UK can't stop piling on Bushies about Iraq

Guess what? More criticism escaping the UK about the Bush administrations management of Iraq.

The west put 'amateurs' in important positions in occupied Iraq and risks doing the same in Afghanistan today, the Chilcot inquiry was told today.

Lieutenant General Sir Frederick Viggers, who was the senior British military representative in Iraq from May to September 2003, said he was not talking about soldiers and civilians, 'but it's the intellectual horsepower that drives these things [that] needs better coordination ...

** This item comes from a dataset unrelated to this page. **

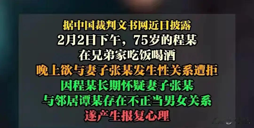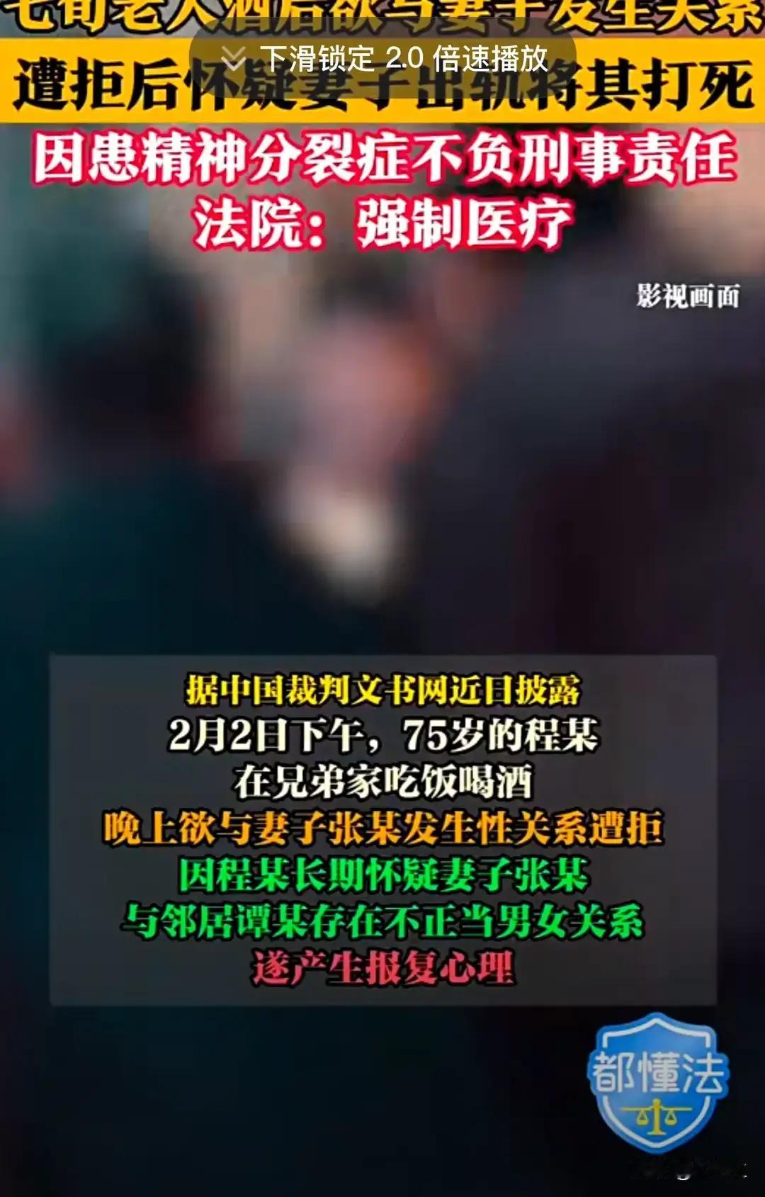 事情的经过令人扼腕叹息。那天晚上,酒精似乎点燃了这位老人的疯狂。有人说,岁月的磨难让他变得脆弱、孤独,酒精成为他唯一的“解药”。然而,酒后失控的他竟然企图与妻子发生关系,遭到拒绝后,疯狂的他变得更加偏执,怀疑妻子出轨,怒火中烧,将她打死。这一幕,令人发指,也让人心碎。 你是否曾想过,这个世界上,有多少像他一样的老人?他们曾经有辉煌的青春,有家庭的温暖,但随着时间推移,孤独、疾病、子女的疏离逐渐侵蚀着他们的内心。或许,他们的精神世界早已支离破碎,只剩下一颗孤独的心在孤寂中哀鸣。 更令人深思的是:我们是否忽视了老人们心中的那份孤独和无助?在家庭的角落,有多少老人被忽略,被冷落,只能靠酒精来麻痹自己?他们的行为,固然令人愤怒,但背后却隐藏着社会和家庭的责任。我们是否也应该反思:我们是不是在不经意间,放弃了对长辈的关心和陪伴? 这起悲剧也提醒我们,家庭的温暖和社会的关怀,是预防悲剧的最后一道防线。老人们需要的不仅是物质的保障,更是精神的慰藉和关爱。我们每个人都应该从自己做起,学习去理解和陪伴那些孤独的生命,让他们在晚年感受到温暖和尊重。 或许,这件事会让我们心疼、愤怒,但更应该激起我们的反思:在追求个人幸福的同时,我们是否也在无意中忽略了身边最需要关心的那一群人?毕竟,家,是我们每个人最温暖的港湾,也是我们共同守护的责任。 让我们用更多的关爱,去温暖那些孤独的老人,让悲剧不再重演。因为,真正的幸福,是懂得珍惜和关怀每一个生命的每一个瞬间。

'We are putting amateurs into really important positions and people are getting killed as a result of some of these decisions. It's a huge responsibility and I just don't sense we are living up to it.'

The speed of the military operation that led to the occupation of Iraq in 2003 took planners by surprise, Viggers told Sir John Chilcot's inquiry into the war, and reconstruction efforts were hampered by a growing insurgency, security issues, economic, governance and power supply problems.

'It was rather like going to the theatre and seeing one sort of play and realising you were watching a tragedy as the curtains came back.

'We suffered from a lack of any real understanding of the state of that country post-invasion.'


I mean, really, no one wanted to bring this up 6 years ago? And don't say they did, because the street protests were not Parliament inquiries.